HORIZON BUSINESS TECHNOLOGIES LIMITED - Analysis Report
Credit Opinion: APPROVE with positive outlook
HORIZON BUSINESS TECHNOLOGIES LIMITED demonstrates sound financial fundamentals and steady growth since incorporation in 2021. The company holds a strong net current asset position and positive net assets with no overdue filings or adverse director conduct. The owner/director maintains full control and appears to manage the business prudently. Given the positive liquidity and increasing net assets, the company is assessed capable of servicing typical credit facilities. However, being a relatively young and small IT consultancy with limited operating history, credit limits should be moderate initially and reviewed as trading history extends.Financial Strength:
- Net assets increased from £44.9k in 2023 to £52.5k in 2024, indicating growth in retained profits and equity.
- Current assets rose to £72.3k in 2024, mainly driven by cash increasing to £64.8k, a significant improvement from £27.5k in 2023.
- Current liabilities remain stable around £19.8k, resulting in strong net current assets of £52.5k (2024) providing comfortable short-term solvency.
- The balance sheet is clean with minimal trade creditors (£536) and manageable tax and social security liabilities.

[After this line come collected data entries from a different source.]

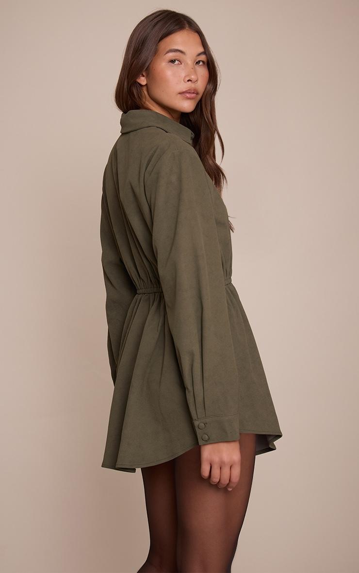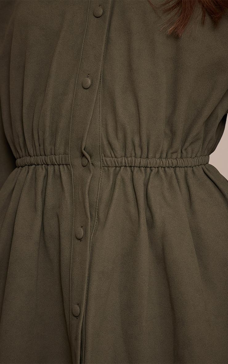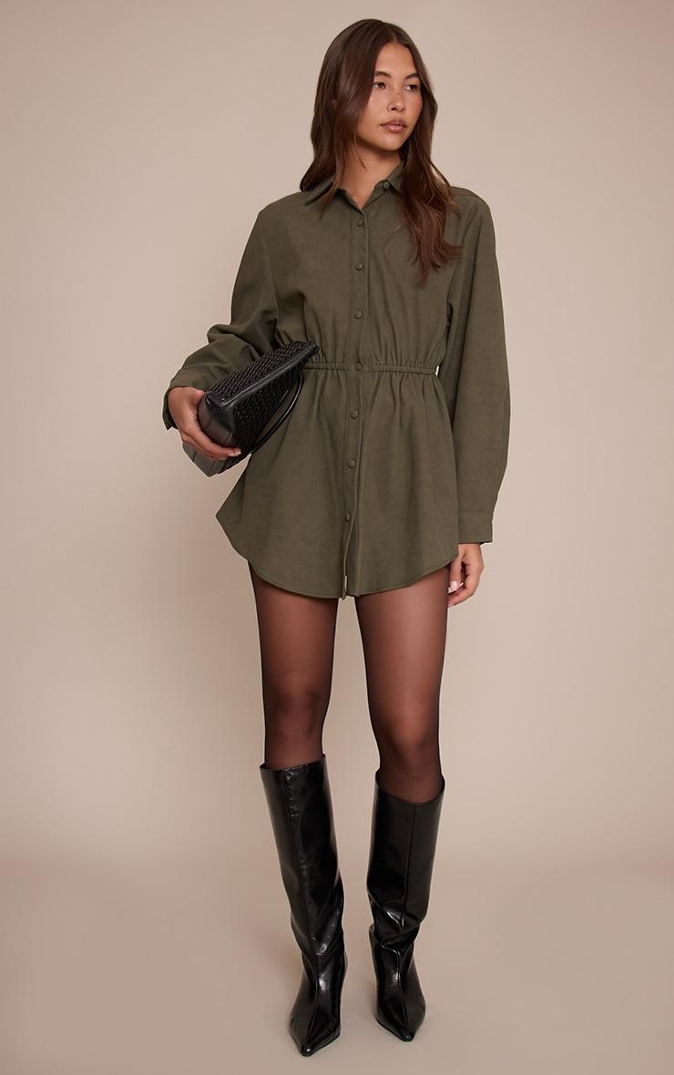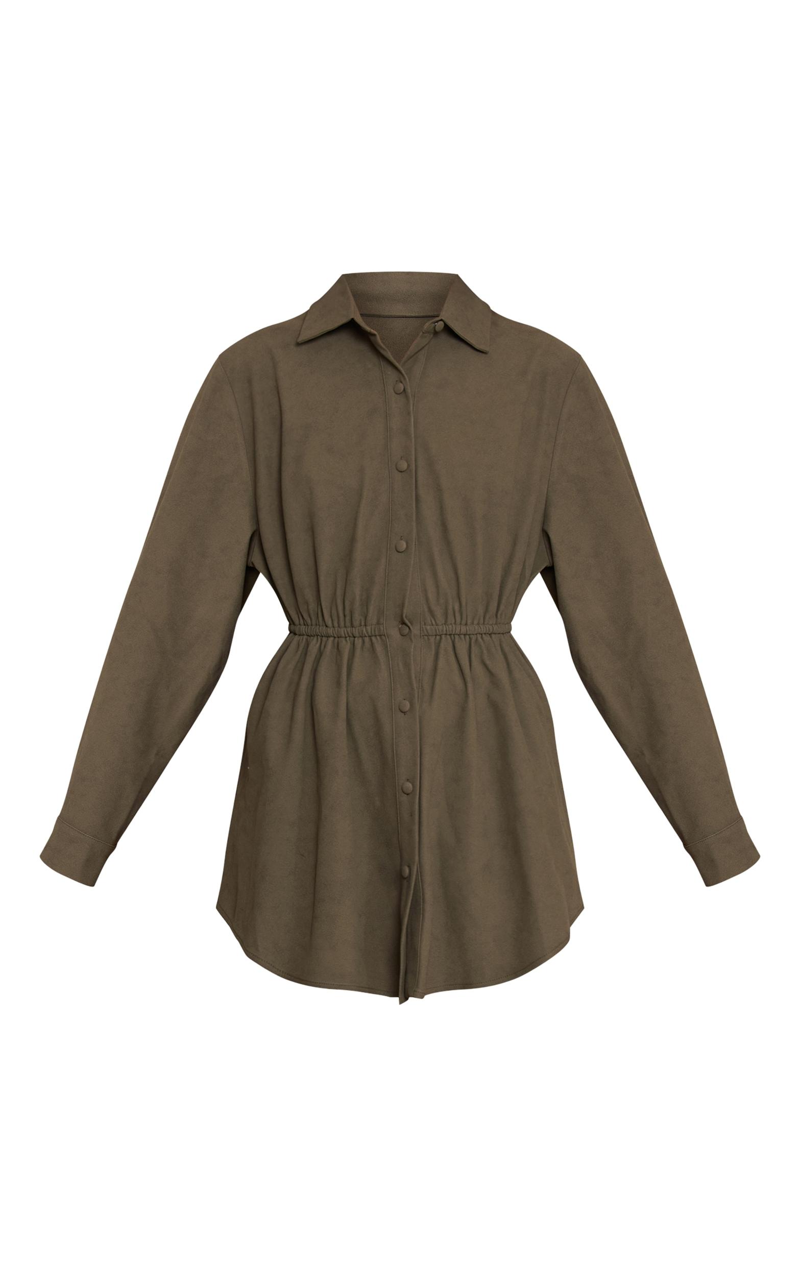Radiate understated cool in the khaki faux suede button down cinched waist mini dress. It boasts a smart collar, button-down front, and a cinched waist. A confident choice for elevated day plans or chic casual meet-ups. Style yours with sleek pointed toe boots and a clutch bag for a polished finish.Length approx 81.5cm/32inch (Based on sample size US 4)Model wears size UK 8/ EU 36/ AUS 8/ US 4Model Height - 5ft 9inchp]:!mb-4inch>Brand: PrettyLittleThingCategory: DressesProduct type: Shift DressColor: KhakiMaterial: Faux SuedeOccasion: Day
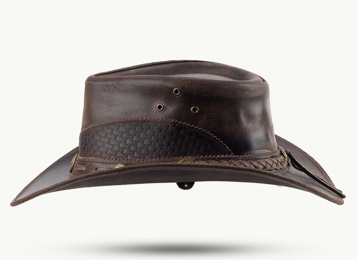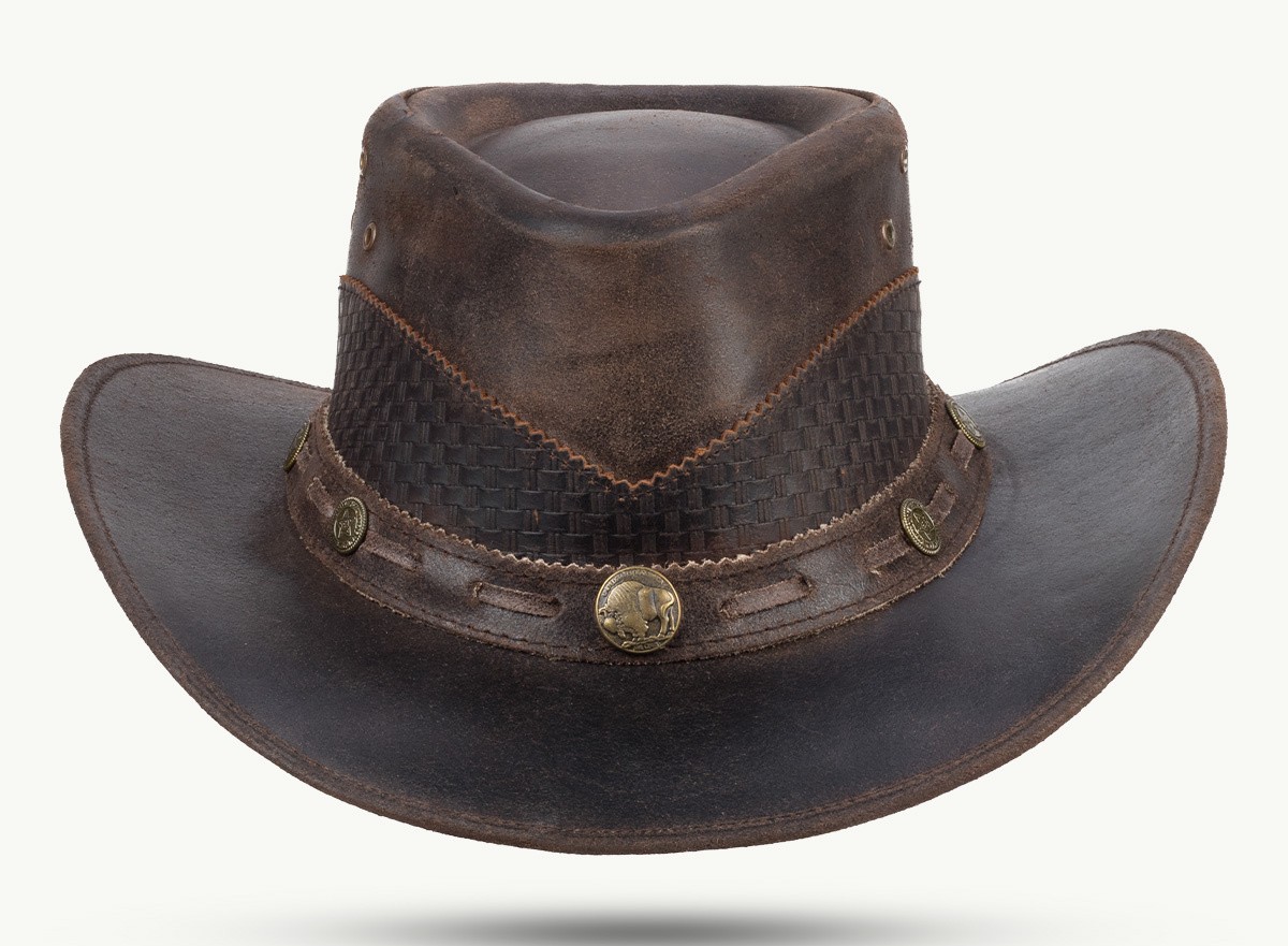 Klobouk Lyndon je poctivým zástupcem westernového stylu, ve kterém se přirozeně potkává funkčnost, řemeslná kvalita a osobitý vzhled. Je vyroben z pevné hnědé hovězí kůže s autentickým vintage efektem, díky němuž působí nadčasově a zároveň charakterově výrazně.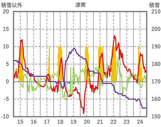 | 日 | 時 | 気温 | 降水 | 風向/風速 | 日照 | 積雪 | 降雪 |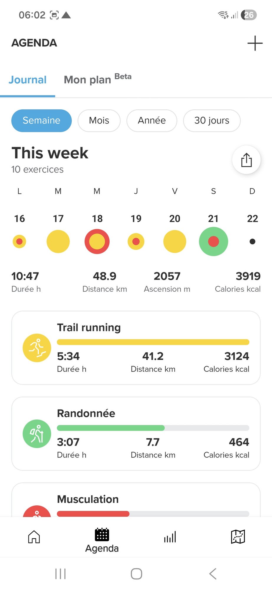 Suunto a énormément progressé sur son application. Créer un itinéraire, consulter ses données (hebdomadaires, mensuelles, annuelles, dénivelé, allure, fréquence cardiaque) est devenu simple. La connexion Bluetooth est instantanée : testée avec Xiaomi, Samsung et Oppo, sans aucun souci.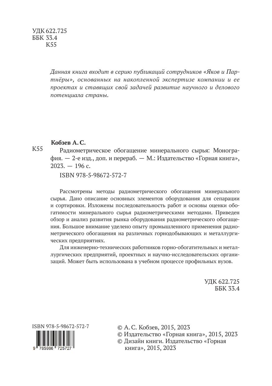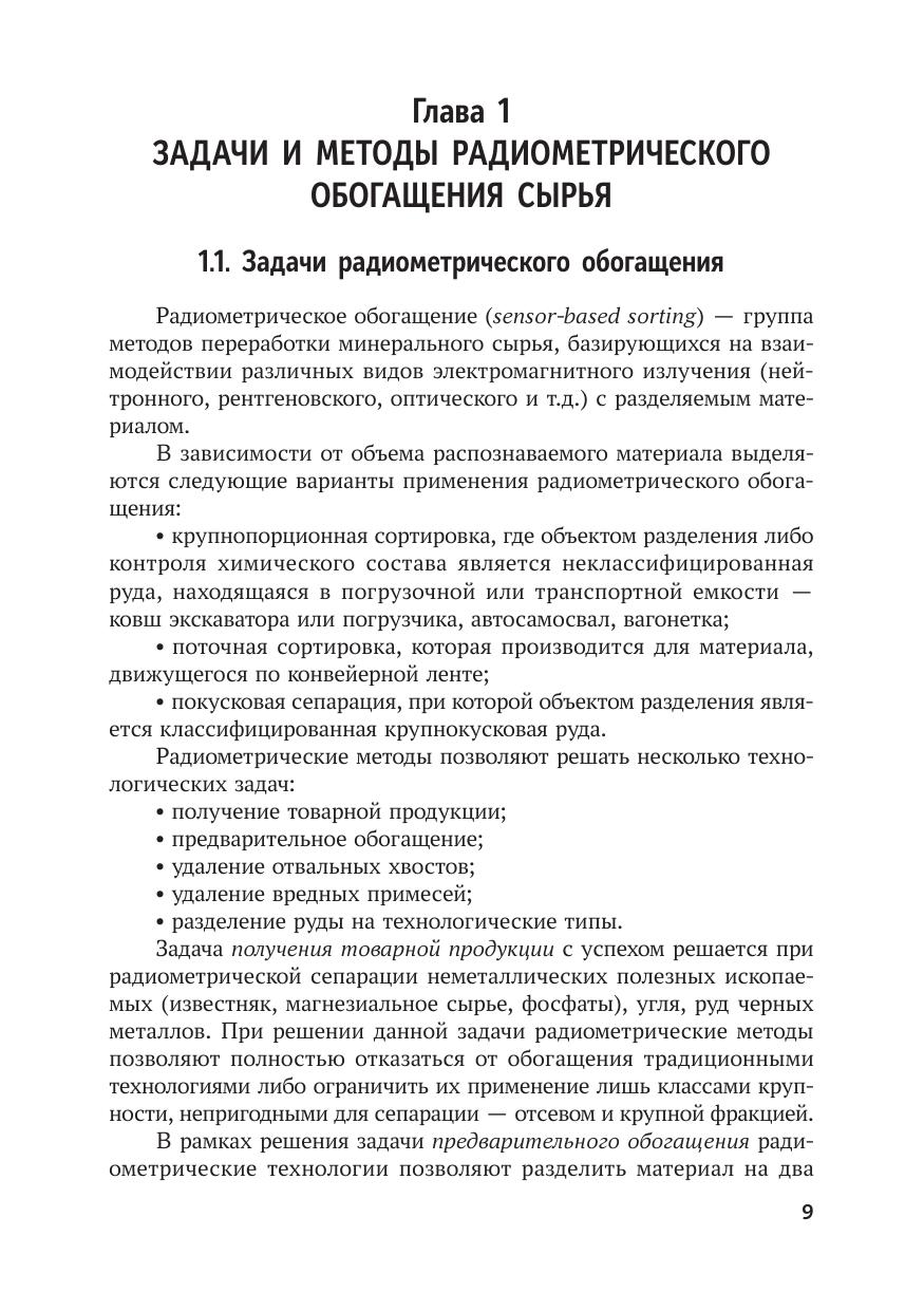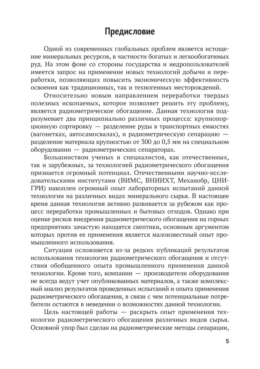 Рассмотрены методы радиометрического обогащения минерального сырья. Дано описание основных элементов оборудования для сепарации и сортировки. Изложены последовательность работ и основы оценки обогатимости минерального сырья радиометрическими методами. Приведен обзор и анализ развития рынка оборудования радиометрического обогащения. Большое внимание уделено опыту промышленного применения радиометрического обогащения на различных горнодобывающих и металлургических предприятиях. Для инженерно-технических работников горно-обогатительных и металлургических предприятий, проектных и научно-исследовательских организаций. Может быть использована в учебном процессе профильных вузов.

- Share capital is minimal (£1), reflecting a small private company structure with all equity built through retained earnings.
- Cash Flow Assessment:
- Cash position improved substantially year-over-year, more than doubling from £27.5k to £64.8k, reflecting good cash generation and working capital management.
- Debtors decreased sharply from £37k to £7.5k, suggesting improved collections or a shift in client payment terms.
- Current liabilities are well covered by cash and receivables, indicating no liquidity stress.
- The company’s working capital position is strong and stable, supporting operational needs without reliance on external funding currently.
- Monitoring Points:
- Monitor debtor days and receivables aging to ensure consistent cash inflow as the business grows.
- Watch tax and social security liabilities as they form the bulk of current liabilities; delays or spikes could signal cash flow issues.
- Track revenue and profit trends in future accounts to confirm sustainable growth beyond the initial years.
- Evaluate any changes in director or ownership to assess continuity of management quality.
- Review appointment of additional employees and impact on payroll liabilities and cash flow.